Work order.
Using the data below, output a verbatim copy of the lines between the one holding "棟の下部分の漆喰が劣化し、土" and the one holding "2025年全年,公司研发投入", inclusive, without any pictures.

Input material.

- - -

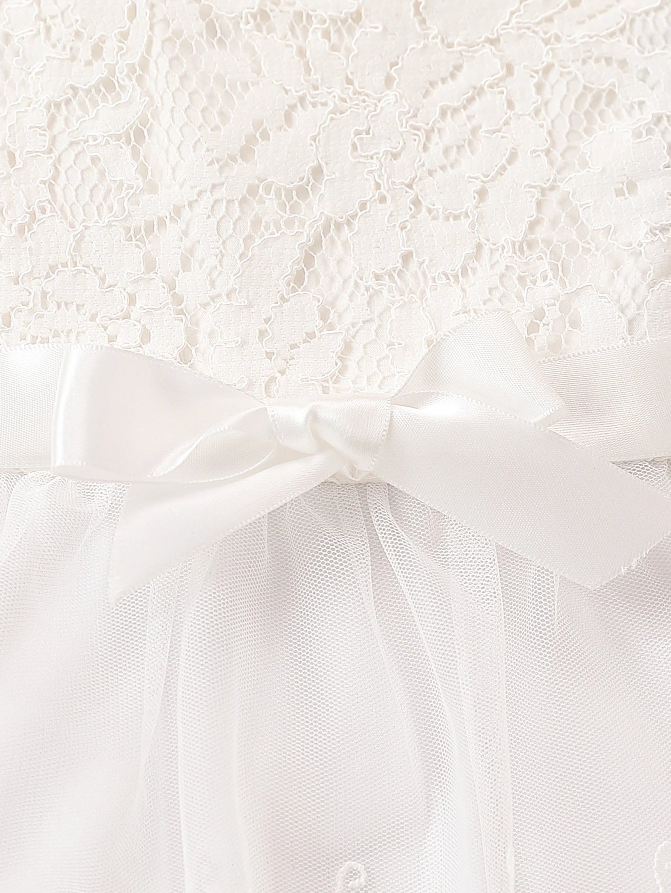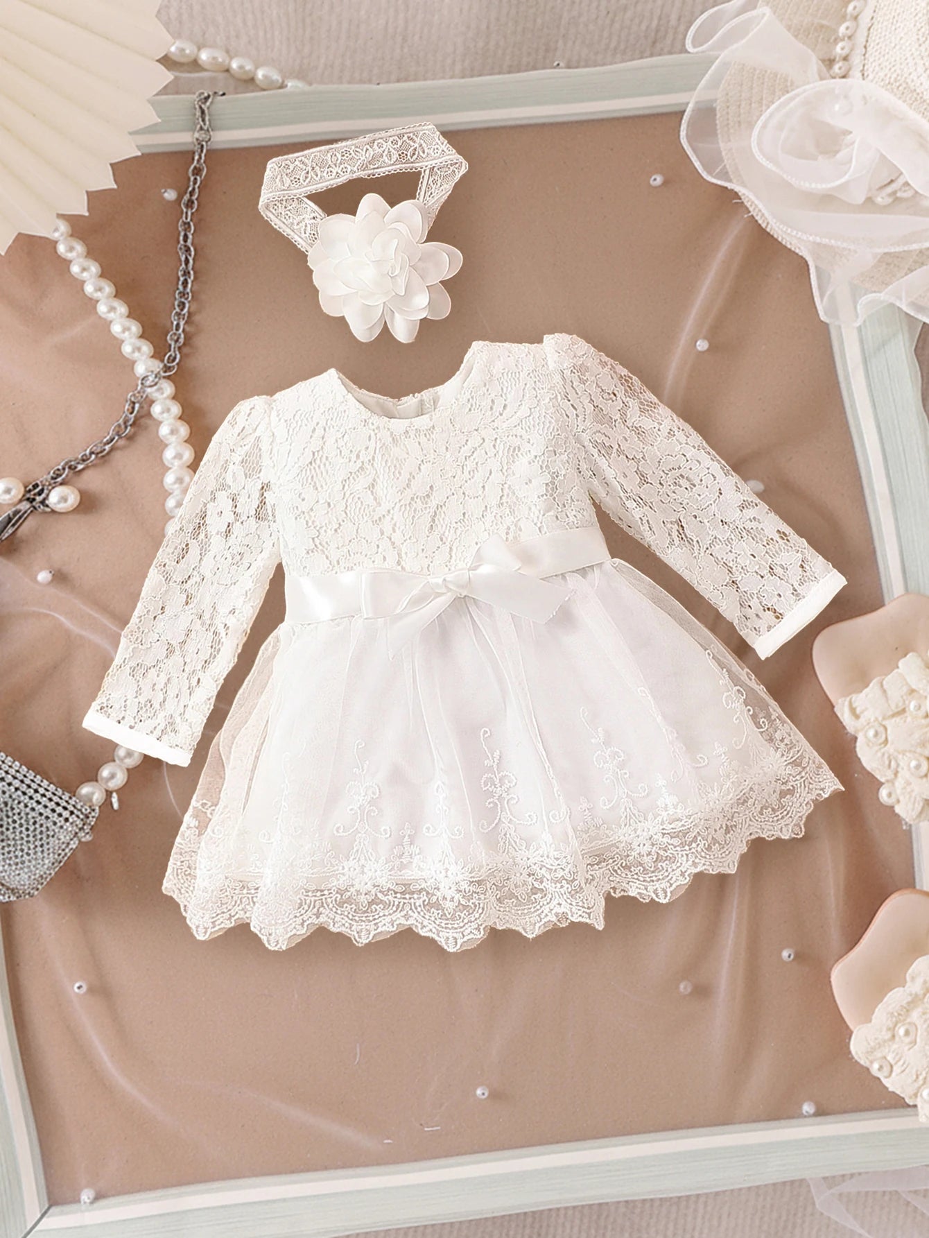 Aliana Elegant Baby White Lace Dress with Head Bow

- - -

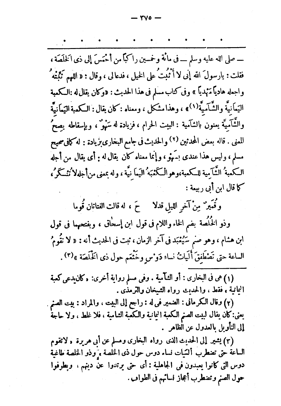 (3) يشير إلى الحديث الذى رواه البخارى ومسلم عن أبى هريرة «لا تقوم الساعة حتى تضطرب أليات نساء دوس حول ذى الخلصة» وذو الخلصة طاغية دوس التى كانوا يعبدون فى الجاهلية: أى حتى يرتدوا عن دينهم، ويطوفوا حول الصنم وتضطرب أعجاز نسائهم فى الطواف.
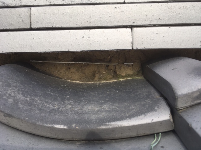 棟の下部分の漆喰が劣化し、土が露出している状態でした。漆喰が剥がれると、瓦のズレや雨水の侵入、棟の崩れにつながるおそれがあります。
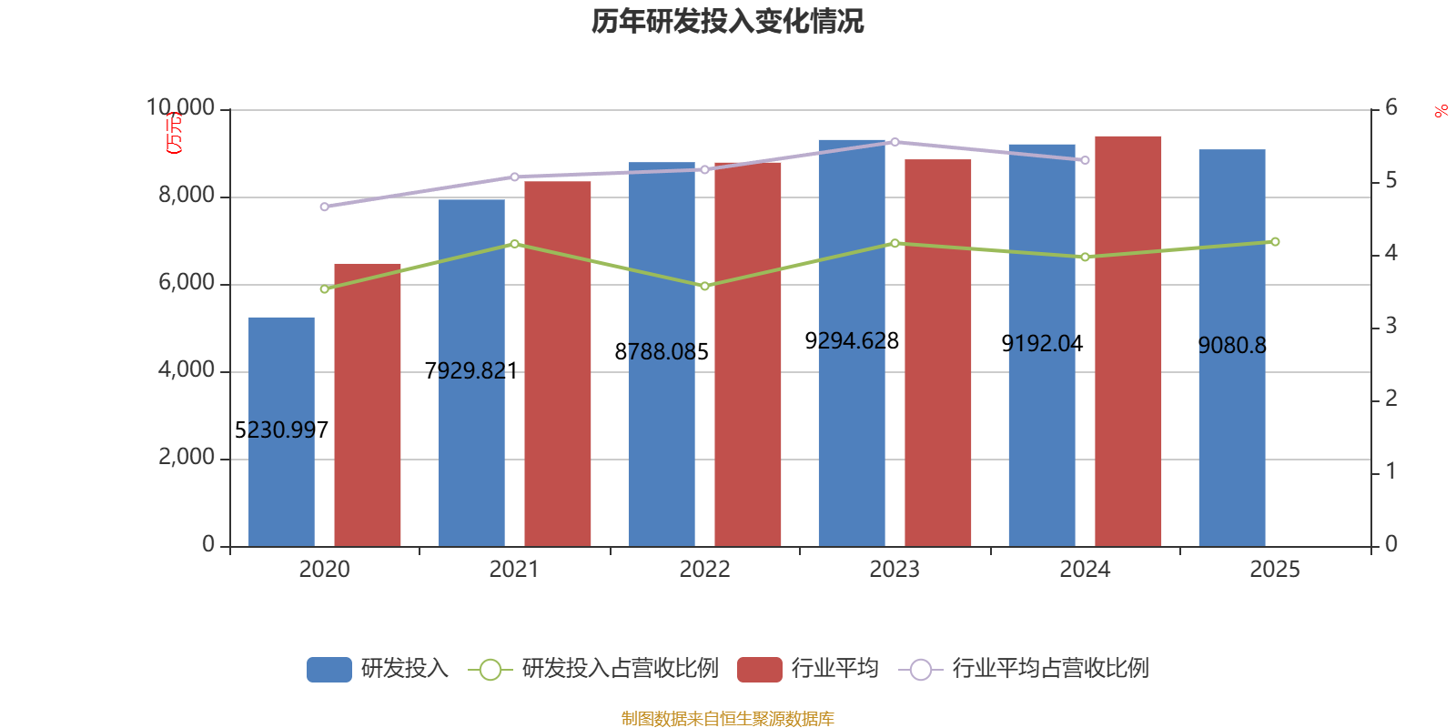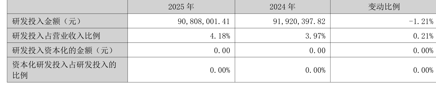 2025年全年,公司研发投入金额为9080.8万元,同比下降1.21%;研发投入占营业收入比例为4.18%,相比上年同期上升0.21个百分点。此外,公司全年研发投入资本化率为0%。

- - -

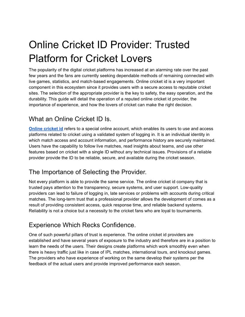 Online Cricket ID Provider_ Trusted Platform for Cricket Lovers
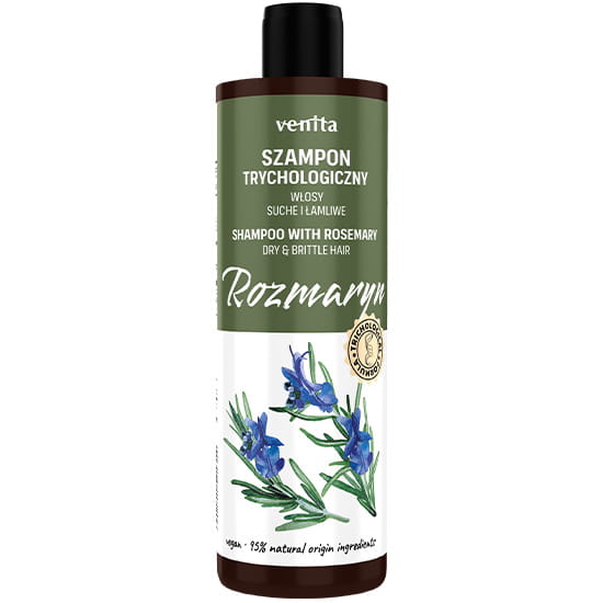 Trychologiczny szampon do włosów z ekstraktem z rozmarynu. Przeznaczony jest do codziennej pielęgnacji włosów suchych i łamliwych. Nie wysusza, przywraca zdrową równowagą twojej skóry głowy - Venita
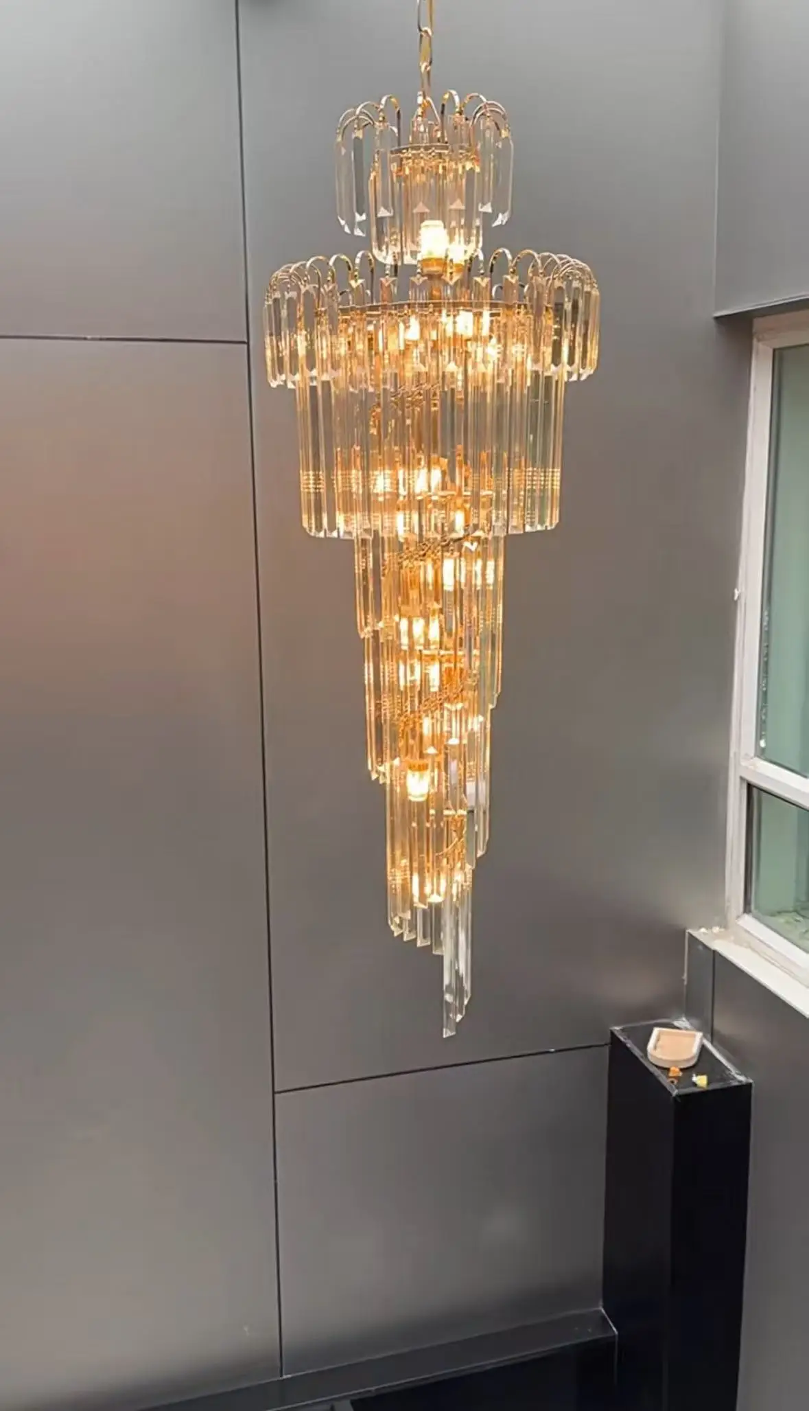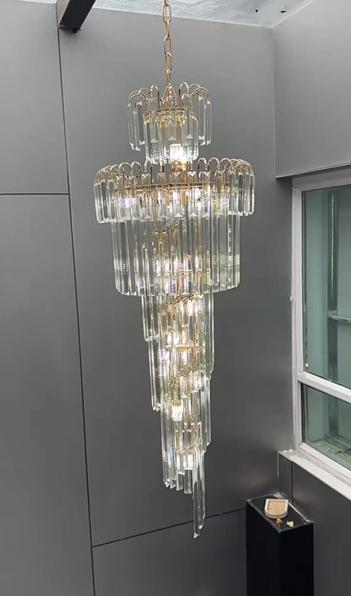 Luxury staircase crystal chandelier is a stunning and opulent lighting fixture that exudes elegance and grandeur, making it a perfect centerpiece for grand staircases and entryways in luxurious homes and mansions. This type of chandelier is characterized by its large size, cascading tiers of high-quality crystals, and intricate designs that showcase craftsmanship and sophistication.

- - -

Answer area.
 棟の下部分の漆喰が劣化し、土が露出している状態でした。漆喰が剥がれると、瓦のズレや雨水の侵入、棟の崩れにつながるおそれがあります。
 2025年全年,公司研发投入金额为9080.8万元,同比下降1.21%;研发投入占营业收入比例为4.18%,相比上年同期上升0.21个百分点。此外,公司全年研发投入资本化率为0%。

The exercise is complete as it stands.